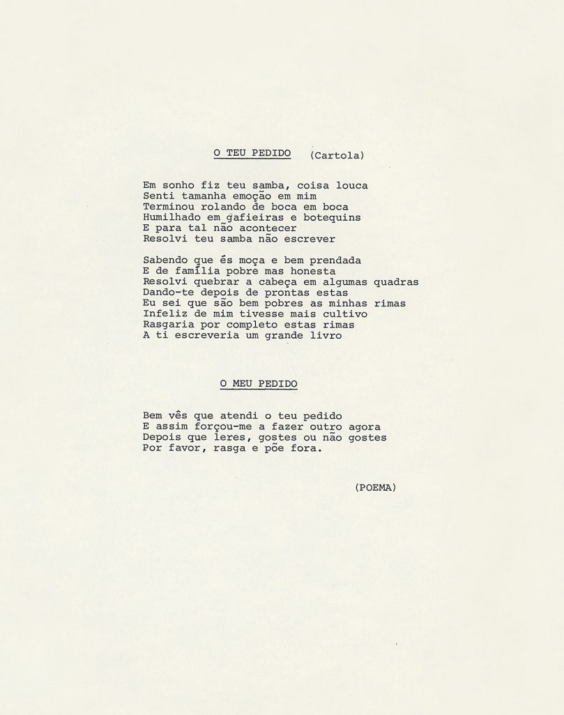 Os manuscritos e os datiloscritos apresentados a seguir são alguns dos poemas que comporiam o livro planejado por Cartola.
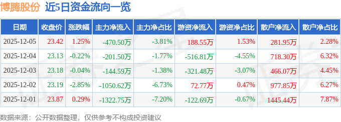 12月5日的资金流向数据方面,主力资金净流出470.5万元,占总成交额3.81%,游资资金净流入188.55万元,占总成交额1.53%,散户资金净流入281.95万元,占总成交额2.28%。
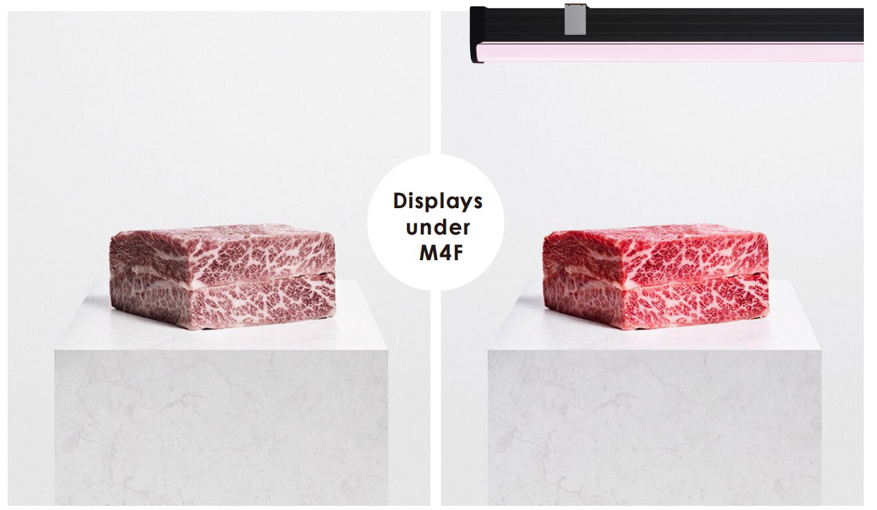 M4 अल्ट्रा-स्लिम स्ट्रिप लाइट पर आधारित,फ़ैन्क्सस्टारविशेष रूप से सुपरमार्केट में मांस अनुभाग के लिए स्पेक्ट्रम 4000K+6500K+रेड 660nm बनाने के लिए प्रकाश स्रोत में समायोजन किया है। इस मांस प्रकाश स्पेक्ट्रम की रोशनी के तहत, हम जो मांस सुपरमार्केट में बेचते हैं वह अधिक रसदार और ताज़ा दिख सकता है, जिससे मांस की बिक्री बढ़ जाती है।
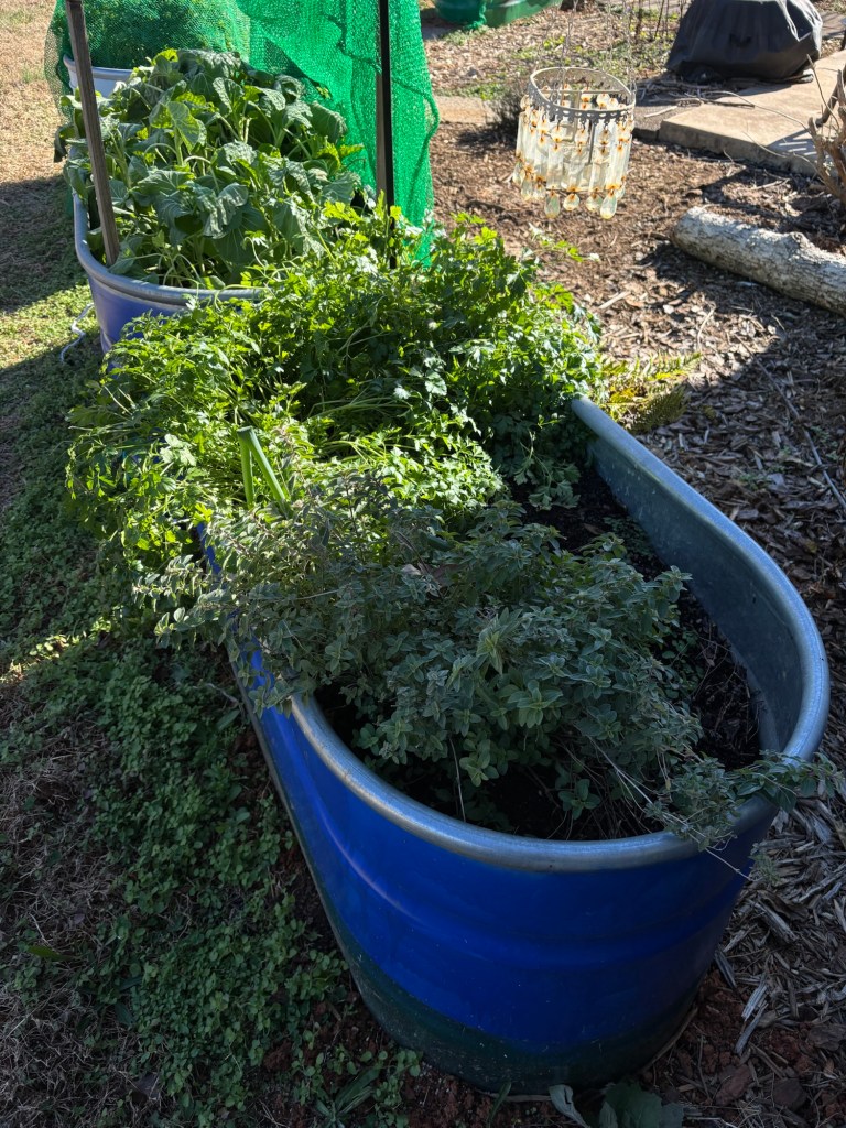 We have a feral cilantro growing next to the kale bed. I’m not showing you a picture because it’s looking pretty punk this morning. It likes cooler weather and comes back after a freeze. But, it doesn’t actually like it to get beloew about 35º.
..............................
Leave every image out when you return the material above word for word.

 Os manuscritos e os datiloscritos apresentados a seguir são alguns dos poemas que comporiam o livro planejado por Cartola.
 12月5日的资金流向数据方面,主力资金净流出470.5万元,占总成交额3.81%,游资资金净流入188.55万元,占总成交额1.53%,散户资金净流入281.95万元,占总成交额2.28%。
 M4 अल्ट्रा-स्लिम स्ट्रिप लाइट पर आधारित,फ़ैन्क्सस्टारविशेष रूप से सुपरमार्केट में मांस अनुभाग के लिए स्पेक्ट्रम 4000K+6500K+रेड 660nm बनाने के लिए प्रकाश स्रोत में समायोजन किया है। इस मांस प्रकाश स्पेक्ट्रम की रोशनी के तहत, हम जो मांस सुपरमार्केट में बेचते हैं वह अधिक रसदार और ताज़ा दिख सकता है, जिससे मांस की बिक्री बढ़ जाती है।
 We have a feral cilantro growing next to the kale bed. I’m not showing you a picture because it’s looking pretty punk this morning. It likes cooler weather and comes back after a freeze. But, it doesn’t actually like it to get beloew about 35º.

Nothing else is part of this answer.